### About this exercise
Once the line with "O principal objetivo" is found in the data, output it and each following line exactly, up to and including the line with "A caixa em aço", and nothing before or after.

### Information
--------------------

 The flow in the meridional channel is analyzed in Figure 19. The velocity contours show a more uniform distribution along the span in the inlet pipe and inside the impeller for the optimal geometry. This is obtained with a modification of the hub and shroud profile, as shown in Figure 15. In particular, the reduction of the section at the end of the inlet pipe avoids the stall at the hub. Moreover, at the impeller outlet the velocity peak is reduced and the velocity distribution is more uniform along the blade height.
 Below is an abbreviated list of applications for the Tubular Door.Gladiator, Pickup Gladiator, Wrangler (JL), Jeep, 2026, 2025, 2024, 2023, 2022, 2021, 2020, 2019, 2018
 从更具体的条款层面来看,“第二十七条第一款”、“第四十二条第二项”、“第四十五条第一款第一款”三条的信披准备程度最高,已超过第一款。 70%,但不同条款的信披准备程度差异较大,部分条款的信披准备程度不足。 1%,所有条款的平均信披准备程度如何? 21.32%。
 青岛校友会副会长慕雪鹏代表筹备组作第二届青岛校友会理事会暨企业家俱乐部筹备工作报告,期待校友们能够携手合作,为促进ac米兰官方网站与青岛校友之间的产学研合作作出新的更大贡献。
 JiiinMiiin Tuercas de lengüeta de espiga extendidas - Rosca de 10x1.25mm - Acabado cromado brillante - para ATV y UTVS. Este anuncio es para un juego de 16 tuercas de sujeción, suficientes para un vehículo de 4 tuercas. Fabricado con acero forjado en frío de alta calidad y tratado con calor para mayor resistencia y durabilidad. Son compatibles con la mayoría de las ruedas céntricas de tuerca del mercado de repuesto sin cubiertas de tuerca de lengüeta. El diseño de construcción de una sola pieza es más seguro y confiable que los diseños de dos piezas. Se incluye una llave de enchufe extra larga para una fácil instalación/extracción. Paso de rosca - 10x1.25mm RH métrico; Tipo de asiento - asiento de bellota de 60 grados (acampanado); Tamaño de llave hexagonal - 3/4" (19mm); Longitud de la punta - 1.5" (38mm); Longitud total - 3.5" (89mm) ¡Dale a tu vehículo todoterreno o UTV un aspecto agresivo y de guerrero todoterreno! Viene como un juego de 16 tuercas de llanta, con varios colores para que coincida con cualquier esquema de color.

--------------------

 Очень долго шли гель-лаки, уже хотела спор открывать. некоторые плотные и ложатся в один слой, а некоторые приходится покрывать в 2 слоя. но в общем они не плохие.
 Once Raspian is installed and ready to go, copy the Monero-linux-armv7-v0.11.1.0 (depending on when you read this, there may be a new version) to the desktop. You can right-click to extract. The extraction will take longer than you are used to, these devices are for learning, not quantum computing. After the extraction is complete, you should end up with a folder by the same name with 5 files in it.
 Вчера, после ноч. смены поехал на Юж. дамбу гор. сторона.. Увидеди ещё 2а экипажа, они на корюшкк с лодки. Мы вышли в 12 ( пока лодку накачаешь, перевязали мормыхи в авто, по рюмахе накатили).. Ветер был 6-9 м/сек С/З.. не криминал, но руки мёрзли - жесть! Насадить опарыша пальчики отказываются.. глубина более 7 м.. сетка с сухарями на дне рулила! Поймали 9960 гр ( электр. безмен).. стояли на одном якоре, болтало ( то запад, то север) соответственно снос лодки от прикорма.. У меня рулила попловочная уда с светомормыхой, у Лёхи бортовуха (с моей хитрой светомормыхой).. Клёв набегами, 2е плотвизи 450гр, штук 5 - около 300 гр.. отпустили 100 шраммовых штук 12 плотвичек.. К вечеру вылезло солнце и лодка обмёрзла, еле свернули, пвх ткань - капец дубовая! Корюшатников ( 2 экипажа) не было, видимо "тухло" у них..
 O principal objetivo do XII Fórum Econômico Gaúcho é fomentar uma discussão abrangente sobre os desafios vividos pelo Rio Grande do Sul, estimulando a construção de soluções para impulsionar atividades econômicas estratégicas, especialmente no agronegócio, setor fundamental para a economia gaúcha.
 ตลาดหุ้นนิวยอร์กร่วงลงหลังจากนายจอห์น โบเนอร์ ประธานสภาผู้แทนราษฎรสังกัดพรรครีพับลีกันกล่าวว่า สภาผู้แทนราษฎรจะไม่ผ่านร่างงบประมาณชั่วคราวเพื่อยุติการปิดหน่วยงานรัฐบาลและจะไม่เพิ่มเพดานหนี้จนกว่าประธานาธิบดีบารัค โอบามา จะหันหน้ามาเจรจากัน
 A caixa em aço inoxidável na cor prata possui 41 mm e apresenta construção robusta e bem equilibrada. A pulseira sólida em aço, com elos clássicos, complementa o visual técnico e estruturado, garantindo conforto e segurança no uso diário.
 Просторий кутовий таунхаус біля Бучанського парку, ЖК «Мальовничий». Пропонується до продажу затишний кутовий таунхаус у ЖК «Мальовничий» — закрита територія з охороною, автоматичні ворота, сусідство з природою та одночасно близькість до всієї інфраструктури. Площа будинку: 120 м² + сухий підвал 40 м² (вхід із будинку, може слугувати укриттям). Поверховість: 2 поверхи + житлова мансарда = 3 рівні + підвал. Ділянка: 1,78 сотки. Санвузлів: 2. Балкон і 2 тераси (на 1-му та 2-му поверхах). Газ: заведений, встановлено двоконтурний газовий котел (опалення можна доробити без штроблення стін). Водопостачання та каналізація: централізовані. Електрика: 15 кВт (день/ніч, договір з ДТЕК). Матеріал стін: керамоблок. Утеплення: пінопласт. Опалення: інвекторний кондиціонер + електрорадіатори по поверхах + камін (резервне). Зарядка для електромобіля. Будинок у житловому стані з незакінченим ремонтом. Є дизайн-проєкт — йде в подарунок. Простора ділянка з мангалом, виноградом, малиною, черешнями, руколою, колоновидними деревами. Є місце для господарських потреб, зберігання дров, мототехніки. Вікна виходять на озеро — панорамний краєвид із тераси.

--------------------

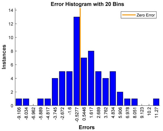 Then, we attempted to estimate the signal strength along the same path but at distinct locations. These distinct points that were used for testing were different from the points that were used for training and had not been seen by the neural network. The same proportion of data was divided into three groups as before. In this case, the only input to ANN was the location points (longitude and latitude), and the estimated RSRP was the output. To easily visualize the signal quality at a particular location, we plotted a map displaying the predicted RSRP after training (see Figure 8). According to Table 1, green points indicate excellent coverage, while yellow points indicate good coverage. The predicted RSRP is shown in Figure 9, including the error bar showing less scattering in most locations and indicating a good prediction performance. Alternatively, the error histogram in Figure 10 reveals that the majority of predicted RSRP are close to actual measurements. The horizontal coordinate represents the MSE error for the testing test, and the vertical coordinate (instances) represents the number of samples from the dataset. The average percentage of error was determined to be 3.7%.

--------------------

### Answer area
 O principal objetivo do XII Fórum Econômico Gaúcho é fomentar uma discussão abrangente sobre os desafios vividos pelo Rio Grande do Sul, estimulando a construção de soluções para impulsionar atividades econômicas estratégicas, especialmente no agronegócio, setor fundamental para a economia gaúcha.
 ตลาดหุ้นนิวยอร์กร่วงลงหลังจากนายจอห์น โบเนอร์ ประธานสภาผู้แทนราษฎรสังกัดพรรครีพับลีกันกล่าวว่า สภาผู้แทนราษฎรจะไม่ผ่านร่างงบประมาณชั่วคราวเพื่อยุติการปิดหน่วยงานรัฐบาลและจะไม่เพิ่มเพดานหนี้จนกว่าประธานาธิบดีบารัค โอบามา จะหันหน้ามาเจรจากัน
 A caixa em aço inoxidável na cor prata possui 41 mm e apresenta construção robusta e bem equilibrada. A pulseira sólida em aço, com elos clássicos, complementa o visual técnico e estruturado, garantindo conforto e segurança no uso diário.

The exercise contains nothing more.